“Belli ciao…”, i guardiani della partitocrazia. Ci pensa la destra a promuovere l’articolo 1
L’ultimo che ha provato a spiegarglielo, non senza un moto di sconforto, è stato Massimo Cacciari: «Pensare che qui da noi bastino l’antifascismo e “Bella Ciao” è patetico». La risposta di Elly Schlein & co? La “mezza” piazza (qualche centinaio i presenti raccontati qui dal Secolo) di ieri in piazza Santi Apostoli contro il premierato e l’autonomia differenziata, con l’invocazione proprio della lotta al fantasma del fascismo come unica ragion politica di quella che è stata e rimane una non-coalizione. Eh già: da quelle parti non riescono proprio a pensare a qualcosa che somigli a un’alleanza programmatica, a una visione di società, che non si esaurisca nella retorica antifascista fischiettando “Bella ciao”. Via dunque alla «patetica» riproposizione dell’uguale: almeno fin dalla disastrosa campagna elettorale per le Politiche 2022. Quella che come “brillante” risultato non ha certo sbarrato la strada del governo della Nazione, per la prima volta della storia repubblicana, agli eredi del Msi-An. Con una donna alla guida di Palazzo Chigi, anch’essa per la prima volta nella storia della Repubblica.
Beffa nella beffa che certifica come la sinistra italiana stia vivendo da anni un giorno della marmotta nel quale si risveglia sempre al punto di partenza. Con un incubo in più: ciò non vale per la destra, che invece sviluppa e accresce il proprio progetto sociale (FdI, forza interclassista, è il partito più votato dagli operai) e politico (le riforme strutturali) in Italia e in Europa. E, come dimostra il caso francese, dall’Italia al resto Europa. Mentre nell’altra sponda, parola di Stefano Folli su Repubblica, il campo largo – elezione dopo elezione – si è ristretto in un «campetto». Sempre più rosso perché senza centro (vittima della rissa perenne fra Carlo Calenda e Matteo Renzi) e sempre meno “giallo”: dato che il M5S è stato cannibalizzato dal Pd. E l’unica reazione che i grillini conoscono, davanti a una difficoltà, sarà sempre quella: il «Vaffa».

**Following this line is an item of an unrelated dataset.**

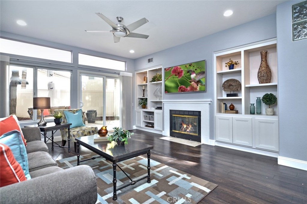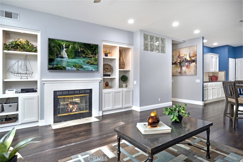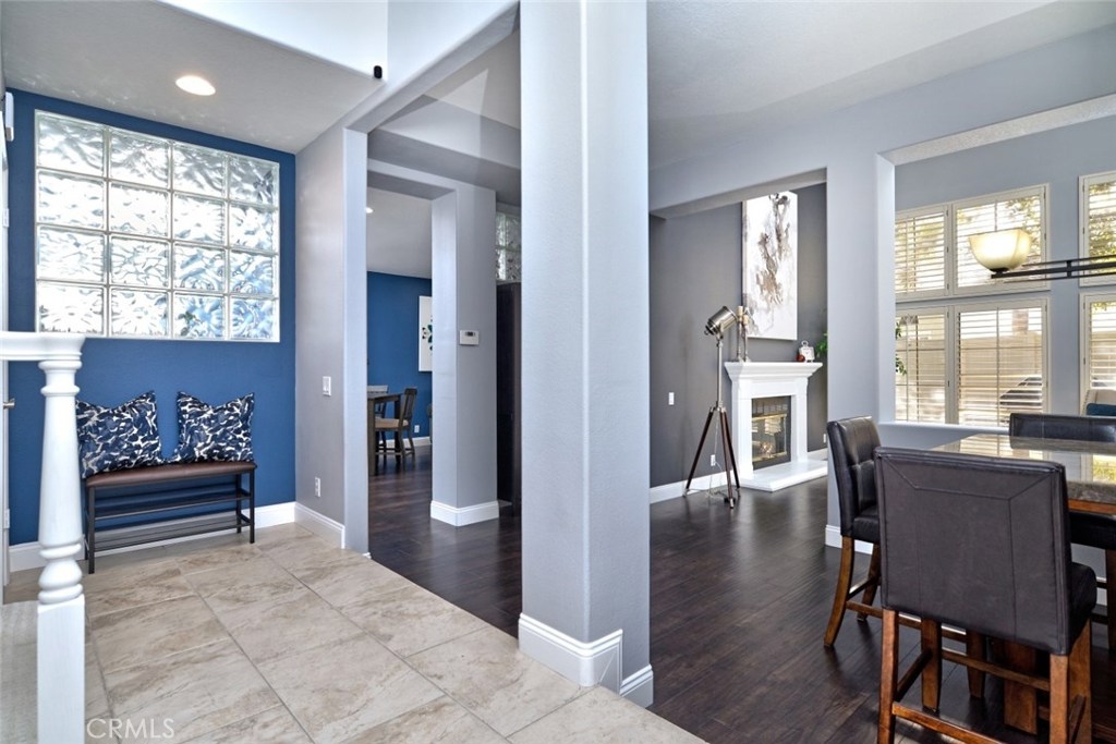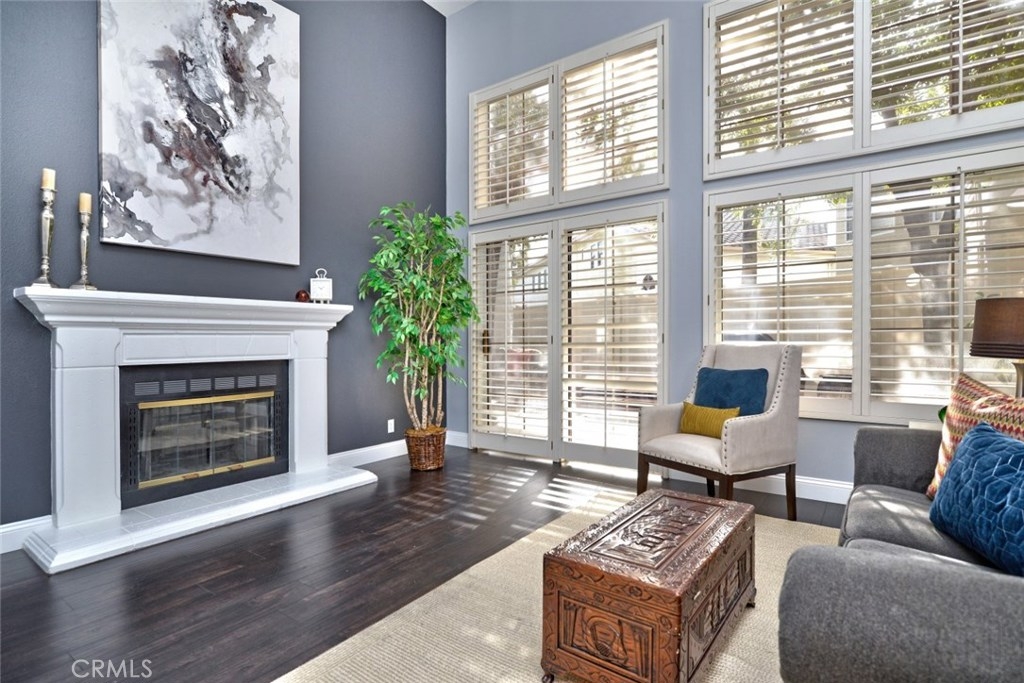 La Terraza is a beautiful community in the hills of Yorba Linda designed for busy lifestyles.These lovely paired homes feature low-maintenance yards for outdoor living plus stunning association pools & spas so you have all the enjoyment & none of the work!With the look of a single family home,this home sits on a greenbelt & has a full size driveway.You enter the home through a side courtyard that creates a wrap around with the backyard.Entering the home,you look through the formal dining room with bay window through to the light filled living room with soaring ceilings & a wall of windows.Rich wood flooring adorns the downstairs floors & plantation shutters accent the windows.A double sided fireplace sits between the living & family room with built-ins.A breakfast nook & kitchen with stainless steel appliances opening to the family room creates a great room overlooking the backyard.There's a spacious main floor bedroom with bay window & adjacent bath ideal for guests or a home office.Upstairs,an open landing overlooks the foyer & leads to a gorgeous master suite with fireplace,huge walk-in closet & opulent bath with soaking tub,double vanities-one with make-up desk,a separate step-in shower & privacy door to the commode.On the opposite side of the stairs are 2 spacious bedrooms that share a Jack 'n Jill bath with double vanity & tub/shower combo.The laundry room is conveniently located on the bedroom level.This amazing home will invigorate your senses! Come make it yours!

A poche centinaia di metri da Elly & co, la destra di governo – compatta e rafforzata dal responso elettorale delle Europee – procedeva invece in Parlamento con il primo storico «sì» al suo progetto di rigenerazione istituzionale. Proposta, il premierato, che ha il suo punto forte nella difesa e nella promozione del diritto fondamentale, scolpito nell’articolo 1 della Costituzione: la sovranità popolare. Nel concreto: niente più ribaltoni, partitocrazia, giochi di Palazzo, esecutivi tecnici, governi stabiliti “nonostante” la volontà popolare. Tutto ciò garantendo, allo stesso tempo, stabilità e rappresentatività. Una democrazia decidente e moderna, non più ingolfata dall’ossessione del “particulare”, al passo con la competizione internazionale che richiede governi capaci di stare sul pezzo.
Tutto questo sviluppato insieme ad altre riforme attese da tempo: la piena applicazione dell’autonomia differenziata (appena diventata legge nonostante la gazzarra dell’opposizione. Strano per un principio iscritto nella Carta proprio grazie alla sinistra: smemorata?), una giustizia “giusta” che garantisca sempre e comunque la terzietà del giudice, un fisco “con l’anima” a servizio del cittadino e delle imprese e non più il contrario. La messa a terra di un progetto così ampio e articolato non è possibile senza una coalizione unita e armonizzata. Ma tale coalizione non può esistere se non rispecchia la vocazione di un popolo che ne rappresenta l’elemento vivificante.
A sinistra? Oltre la grottesca (e divinatoria) “piazzata rossa” contro il diritto a governi eletti direttamente dal popolo non si va. Passano i leader, passano le stagioni ma si resta intrappolati nella fase dialettica: ossia dalla rissa continua su leadership, perimetro, regole. Questo senza considerare le contraddizioni endemiche: con il Pd, per restare ai temi della piazza, che ha dimenticato la “sua” riforma del Titolo V e sconfessato le fascinazioni presidenzialiste del (recente) passato, e i 5 Stelle che fino a qualche anno fa erano (a parole) così anti-parlamentaristi da voler aprire l’Aula come una scatoletta di tonno. E l’enorme frattura sociale esplosa fra la sinistra e l’Italia profonda, i ceti produttivi e i nuovi proletari. Davanti a ciò, nella comoda ridotta della Ztl che ha sostituito i boschi della Resistenza, ai leader del campetto largo non resta che evocare “Bella ciao” come grande esorcismo. Colonna sonora perfetta – almeno così pensano – per sperare di edulcorare la verità: quella di guardiani dello status quo.